Below is a listing. Return the lines from the one that contains "曲に合わせて,集中して演技をする高学年!よく頑張っています。" to the one that contains "In het boekje", both ends included, verbatim and with no pictures.

Available records Start Marker

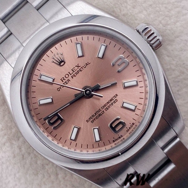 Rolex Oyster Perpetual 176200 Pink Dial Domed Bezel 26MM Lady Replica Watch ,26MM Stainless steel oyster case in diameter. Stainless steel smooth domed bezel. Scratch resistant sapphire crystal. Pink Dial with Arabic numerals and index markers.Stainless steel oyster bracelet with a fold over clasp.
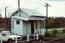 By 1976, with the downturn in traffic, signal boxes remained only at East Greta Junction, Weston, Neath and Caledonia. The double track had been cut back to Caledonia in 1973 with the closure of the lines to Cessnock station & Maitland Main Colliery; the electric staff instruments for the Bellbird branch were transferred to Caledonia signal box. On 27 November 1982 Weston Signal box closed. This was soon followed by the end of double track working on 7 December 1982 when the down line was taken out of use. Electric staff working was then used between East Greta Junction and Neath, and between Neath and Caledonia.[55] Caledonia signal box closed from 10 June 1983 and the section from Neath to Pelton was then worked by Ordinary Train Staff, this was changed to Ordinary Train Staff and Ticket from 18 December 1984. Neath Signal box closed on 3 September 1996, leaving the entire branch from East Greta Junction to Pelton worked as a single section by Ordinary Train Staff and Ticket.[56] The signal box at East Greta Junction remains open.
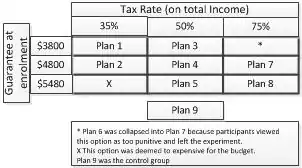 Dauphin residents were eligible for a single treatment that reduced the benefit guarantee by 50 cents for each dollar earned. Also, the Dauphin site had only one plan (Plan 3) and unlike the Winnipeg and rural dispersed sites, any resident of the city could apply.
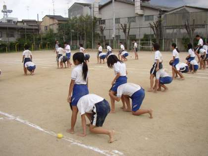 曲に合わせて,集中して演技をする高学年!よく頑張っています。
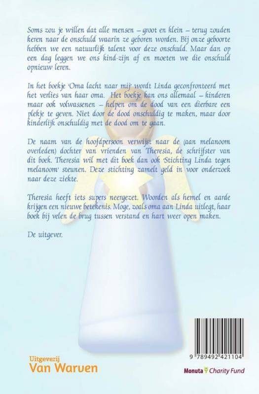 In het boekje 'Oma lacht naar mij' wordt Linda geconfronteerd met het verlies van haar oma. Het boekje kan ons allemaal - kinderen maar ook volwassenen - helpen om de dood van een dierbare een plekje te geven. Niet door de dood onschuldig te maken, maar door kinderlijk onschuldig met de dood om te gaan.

Available records End Marker
Available records Start Marker

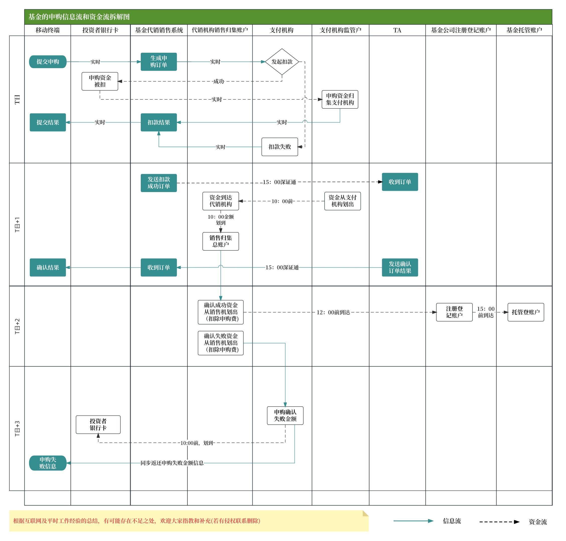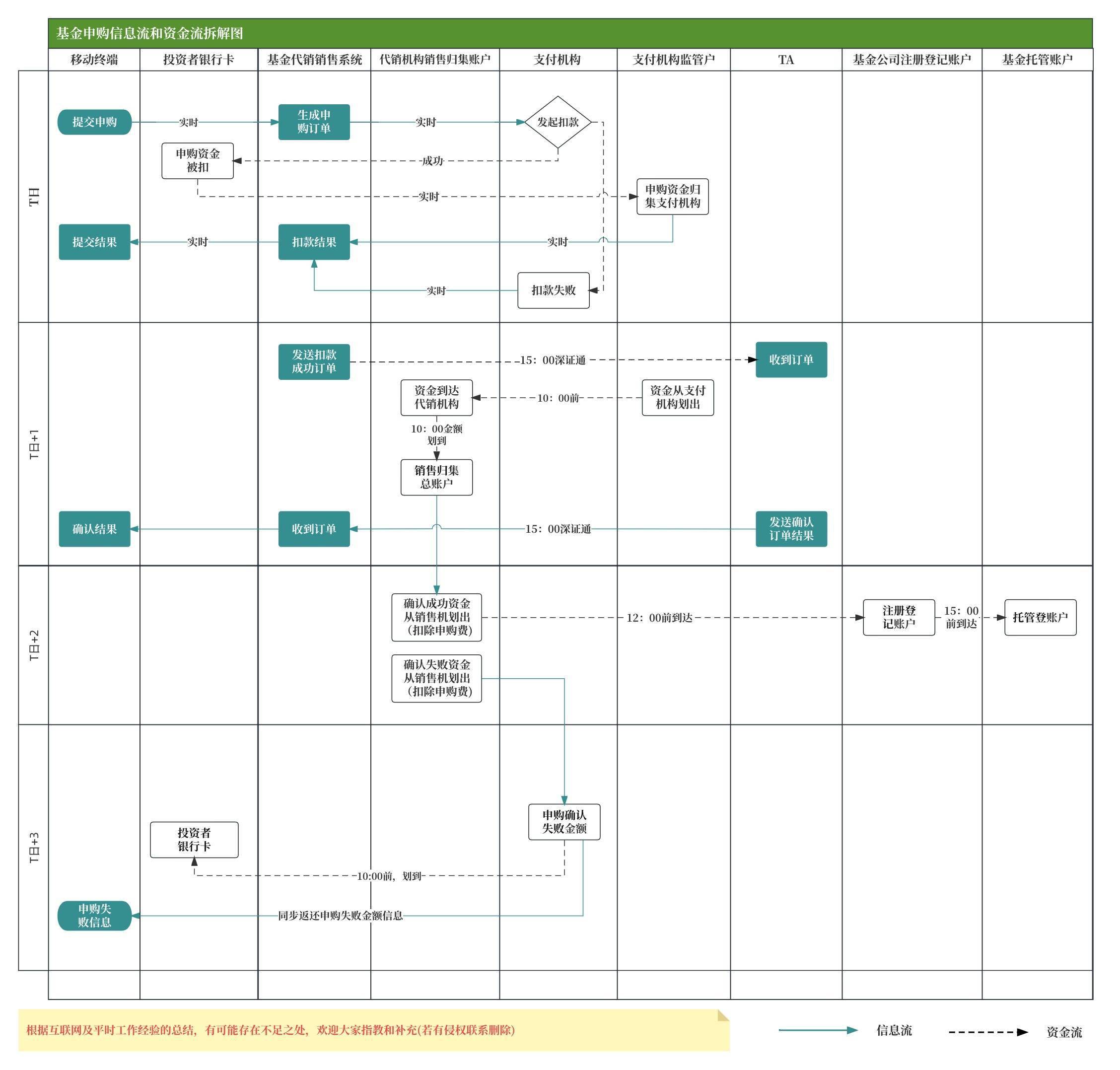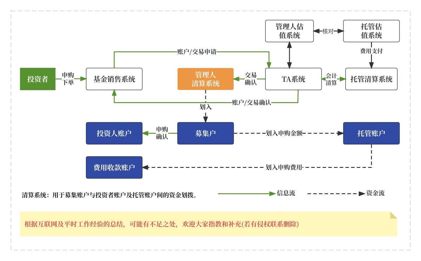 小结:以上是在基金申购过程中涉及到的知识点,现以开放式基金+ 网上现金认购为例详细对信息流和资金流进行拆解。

Available records End Marker

▶ _Completed exercise_:
 曲に合わせて,集中して演技をする高学年!よく頑張っています。
 In het boekje 'Oma lacht naar mij' wordt Linda geconfronteerd met het verlies van haar oma. Het boekje kan ons allemaal - kinderen maar ook volwassenen - helpen om de dood van een dierbare een plekje te geven. Niet door de dood onschuldig te maken, maar door kinderlijk onschuldig met de dood om te gaan.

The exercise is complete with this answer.